Work order: Exact copy, pictures excluded: print the lines from the one with "Farmhouse, Natural Oak, Rubberwood, Engineered" through the final line of the records.
▼▼▼
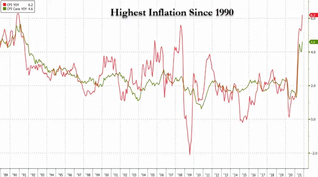 美国商务部在11月25日公布的10月核心PCE数据大涨5%,接近30年来的高点,超出市场预期,而这个被美联储最偏爱的通胀指标继续高于美联储设置目标的两倍以上,美国劳工部的10月消费者物价指数(CPI)也较上年同期上涨6.2%(且是连续四个月处于5%以上),创下31年以来的新高。
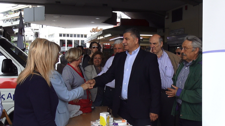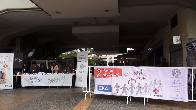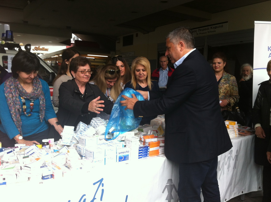 Οι εθελοντές του Ιατρείου Κοινωνικής Αποστολής στη συλλογή φαρμακων 2 χρόνια όλοι μαζί μπορούμε και στην υγεία
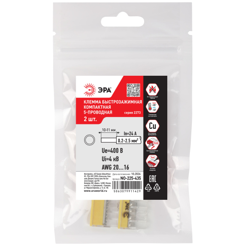 Быстрозажимные компактные клеммы 2273 серии ЭРА предназначены для однократного подключения медных одножильных проводников без использования специального инструмента. Применяются для быстрого и удобного соединения и разводки проводников в распределительных коробках, а также для подключения осветительного и другого электрооборудования в условиях ограниченного пространства.
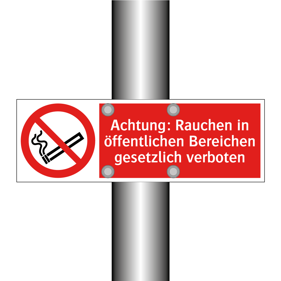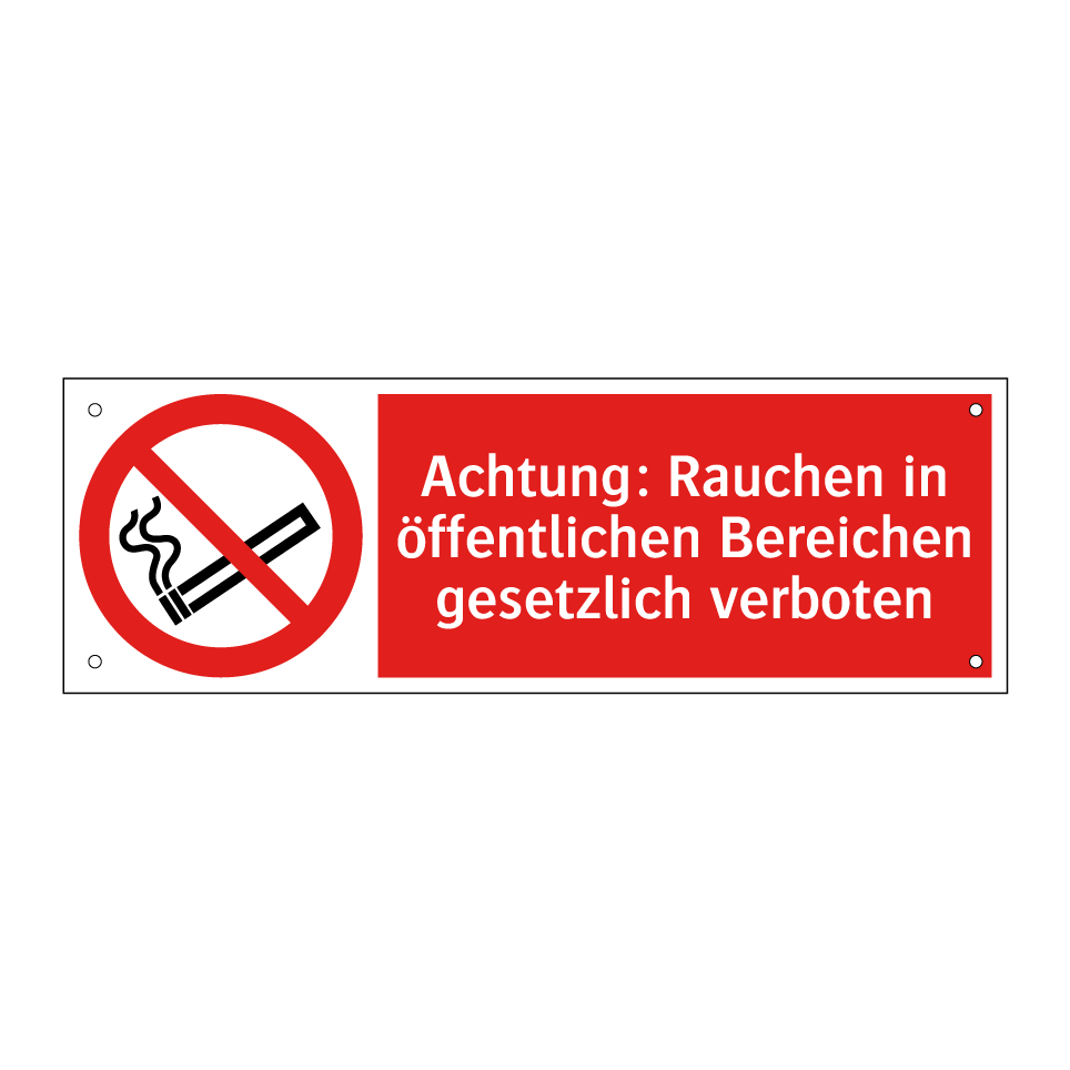 Verbotsschild mit dem Text Achtung: Rauchen in öffentlichen Bereichen gesetzlich verboten
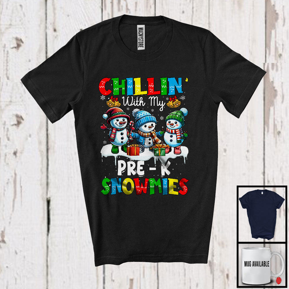 new MacnyStore - Chillin' With My Pre K Snowmies; Amusing Christmas Three Snowman; School Teacher T-Shirt – Macnystore
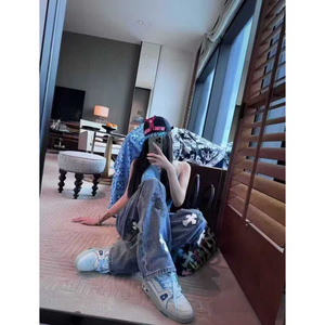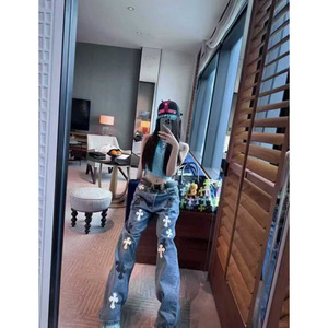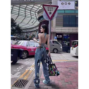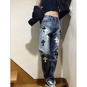 新款克罗伈牛仔裤男款美式潮牌十字架宽松直筒休闲阔腿裤子男装秋
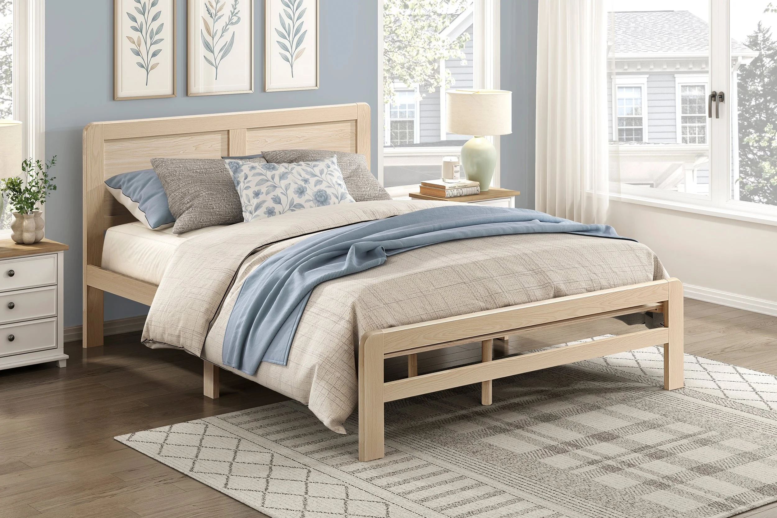 Farmhouse, Natural Oak, Rubberwood, Engineered Wood, Solid Wood, Pecan Veneer, Plank Headboard, Foundation Required
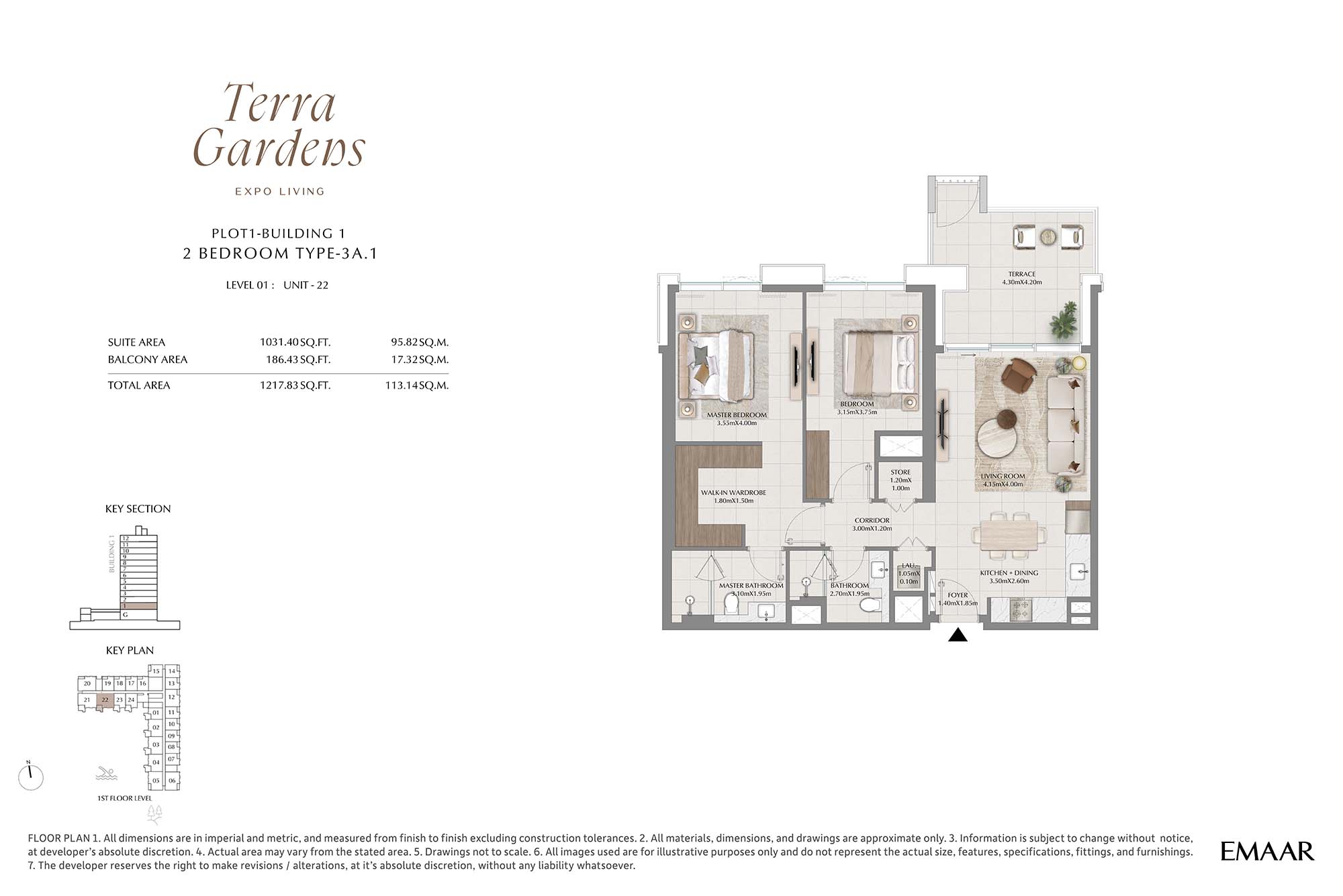 | Buildings 1 | 2 Bedrooms | 1st Level Unit-22 (Type-3A.1) | 1217.83 Sq Ft | Apartments |
▲▲▲
Answer area:
 Farmhouse, Natural Oak, Rubberwood, Engineered Wood, Solid Wood, Pecan Veneer, Plank Headboard, Foundation Required
 | Buildings 1 | 2 Bedrooms | 1st Level Unit-22 (Type-3A.1) | 1217.83 Sq Ft | Apartments |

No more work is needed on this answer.